Wang Tingting, Chen Yi-Ping Phoebe, Bowman Phil J, Goddard Michael E, Hayes Ben J
School of Engineering and Mathematical Sciences, La Trobe University, Melbourne, VIC, Australia.
Biosciences Research, Department of Economic Development, Jobs, Transport and Resources, Bundoora, Melbourne, VIC, Australia.
BMC Genomics. 2016 Sep 21;17(1):744. doi: 10.1186/s12864-016-3082-7.
Bayesian mixture models in which the effects of SNP are assumed to come from normal distributions with different variances are attractive for simultaneous genomic prediction and QTL mapping. These models are usually implemented with Monte Carlo Markov Chain (MCMC) sampling, which requires long compute times with large genomic data sets. Here, we present an efficient approach (termed HyB_BR), which is a hybrid of an Expectation-Maximisation algorithm, followed by a limited number of MCMC without the requirement for burn-in.
To test prediction accuracy from HyB_BR, dairy cattle and human disease trait data were used. In the dairy cattle data, there were four quantitative traits (milk volume, protein kg, fat% in milk and fertility) measured in 16,214 cattle from two breeds genotyped for 632,002 SNPs. Validation of genomic predictions was in a subset of cattle either from the reference set or in animals from a third breeds that were not in the reference set. In all cases, HyB_BR gave almost identical accuracies to Bayesian mixture models implemented with full MCMC, however computational time was reduced by up to 1/17 of that required by full MCMC. The SNPs with high posterior probability of a non-zero effect were also very similar between full MCMC and HyB_BR, with several known genes affecting milk production in this category, as well as some novel genes. HyB_BR was also applied to seven human diseases with 4890 individuals genotyped for around 300 K SNPs in a case/control design, from the Welcome Trust Case Control Consortium (WTCCC). In this data set, the results demonstrated again that HyB_BR performed as well as Bayesian mixture models with full MCMC for genomic predictions and genetic architecture inference while reducing the computational time from 45 h with full MCMC to 3 h with HyB_BR.
The results for quantitative traits in cattle and disease in humans demonstrate that HyB_BR can perform equally well as Bayesian mixture models implemented with full MCMC in terms of prediction accuracy, but with up to 17 times faster than the full MCMC implementations.
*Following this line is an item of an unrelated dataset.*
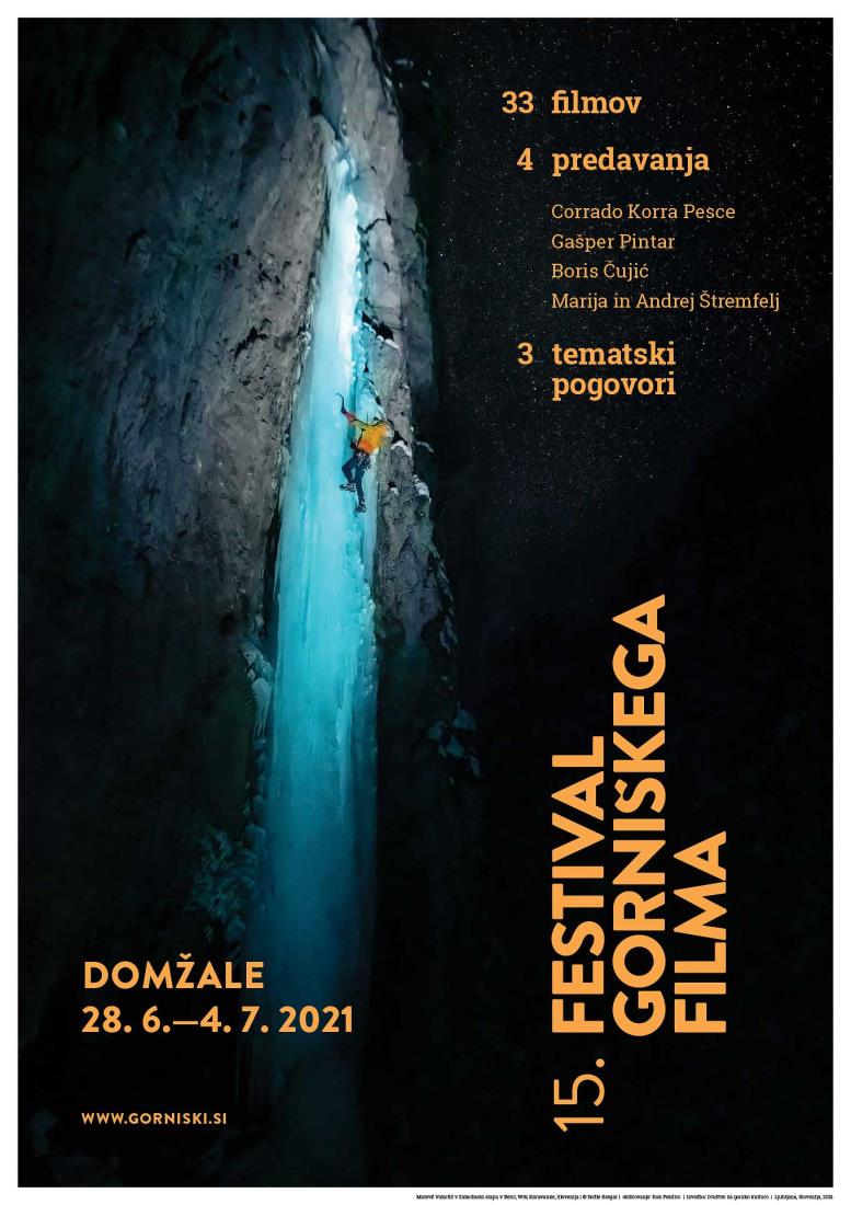 Festival gorniškega filma je letos zaradi epidemije zimo zamenjal za poletje, šopek prizorišč pa za svojo prestolnico – Domžale, a njegovo srce tudi tokrat, že 15. leto zapored, bije v navdihujočem ritmu alpinizma, plezanja, gorske narave in kulture ter gora, športa in avanture. V Tomčevi dvorani KD Franca Bernika Domžale, na dvorišču pr’ Berniku in v velikem šotoru na ploščadi OŠ Venclja Perka se bo konec junija in v začetku julija zvrstilo 33 filmskih zgodb iz naročja gora, osupljivih pustolovščin iz navpičnice, veličastnih utrinkov gorske narave in problematike divjih živali, premikanja meja v Himalaji in športnoplezalnih dosežkov v gibljivi sliki ter pomenljivih pripovedi o gorskih kulturah in avanturah. Med njimi bo pet slovenskih filmov.

The HyB_BR algorithm makes simultaneous genomic prediction, QTL mapping and inference of genetic architecture feasible in large genomic data sets.
贝叶斯混合模型假定单核苷酸多态性(SNP)的效应来自具有不同方差的正态分布,对于同时进行基因组预测和数量性状基因座(QTL)定位很有吸引力。这些模型通常通过蒙特卡洛马尔可夫链(MCMC)采样来实现,对于大型基因组数据集而言,这需要很长的计算时间。在此,我们提出一种高效方法(称为HyB_BR),它是期望最大化算法的一种混合方法,随后进行有限次数的MCMC,且无需进行预烧。
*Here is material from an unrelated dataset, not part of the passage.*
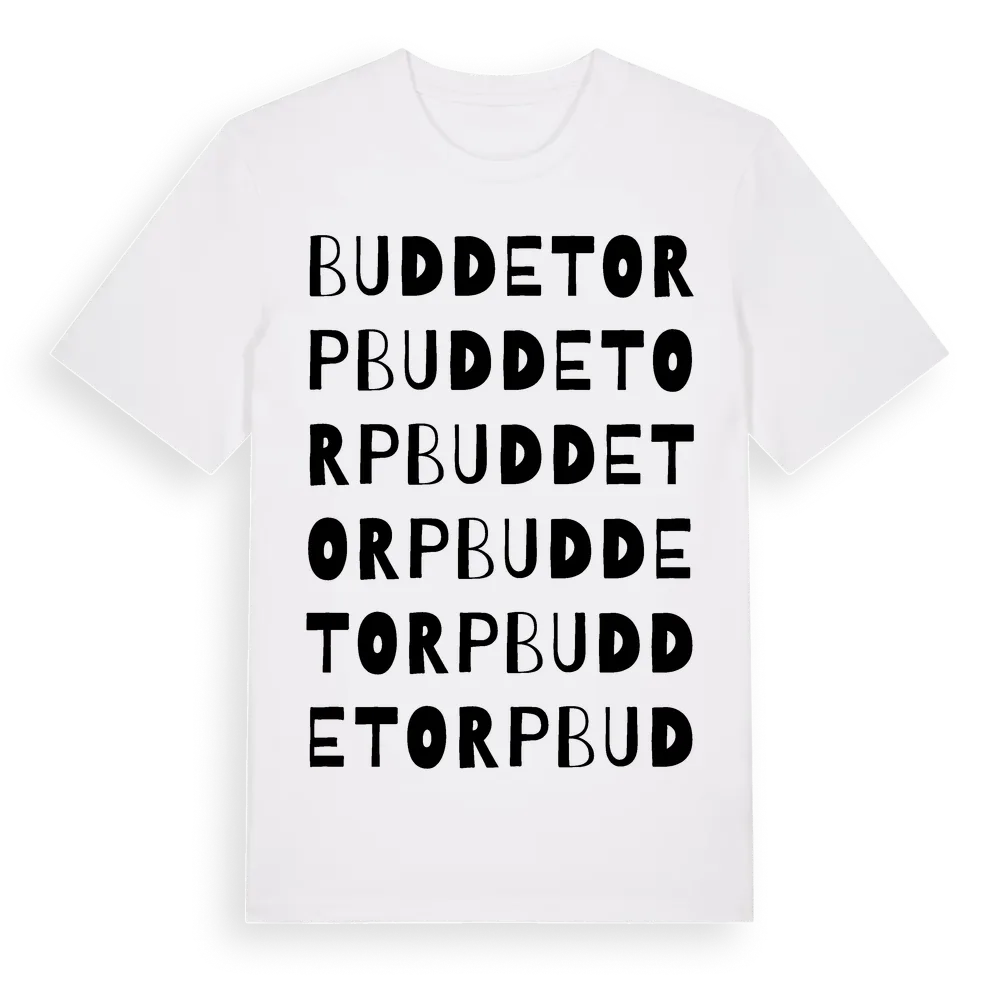 Buddetorp ordlek t-shirt är inspirerad av Buddetorp i Södermanlands län, Sverige. Tröjan är designad för dig som har en speciell koppling till platsen – oavsett om du bor här, har rötterna här eller bara älskar Buddetorp.

为了测试HyB_BR的预测准确性,使用了奶牛和人类疾病性状数据。在奶牛数据中,对来自两个品种的16214头奶牛测量了四个数量性状(产奶量、蛋白质千克数、乳脂率和繁殖力),这些奶牛针对632002个SNP进行了基因分型。基因组预测的验证在来自参考集的一部分奶牛中进行,或者在未包含在参考集中的第三个品种的动物中进行。在所有情况下,HyB_BR给出的准确性与使用完整MCMC实现的贝叶斯混合模型几乎相同,然而计算时间减少到完整MCMC所需时间的1/17。在完整MCMC和HyB_BR之间,具有非零效应的高后验概率的SNP也非常相似,在这一类别中有几个影响产奶的已知基因以及一些新基因。HyB_BR还应用于来自威康信托病例对照协会(WTCCC)的病例/对照设计中的七种人类疾病,该设计对4890名个体针对约30万个SNP进行了基因分型。在这个数据集中,结果再次表明,在基因组预测和遗传结构推断方面,HyB_BR的表现与使用完整MCMC的贝叶斯混合模型一样好,同时将计算时间从完整MCMC的45小时减少到HyB_BR的3小时。
奶牛数量性状和人类疾病的结果表明,在预测准确性方面,HyB_BR的表现与使用完整MCMC实现的贝叶斯混合模型一样好,但速度比完整MCMC实现快17倍。HyB_BR算法使得在大型基因组数据集中同时进行基因组预测、QTL定位和遗传结构推断成为可能。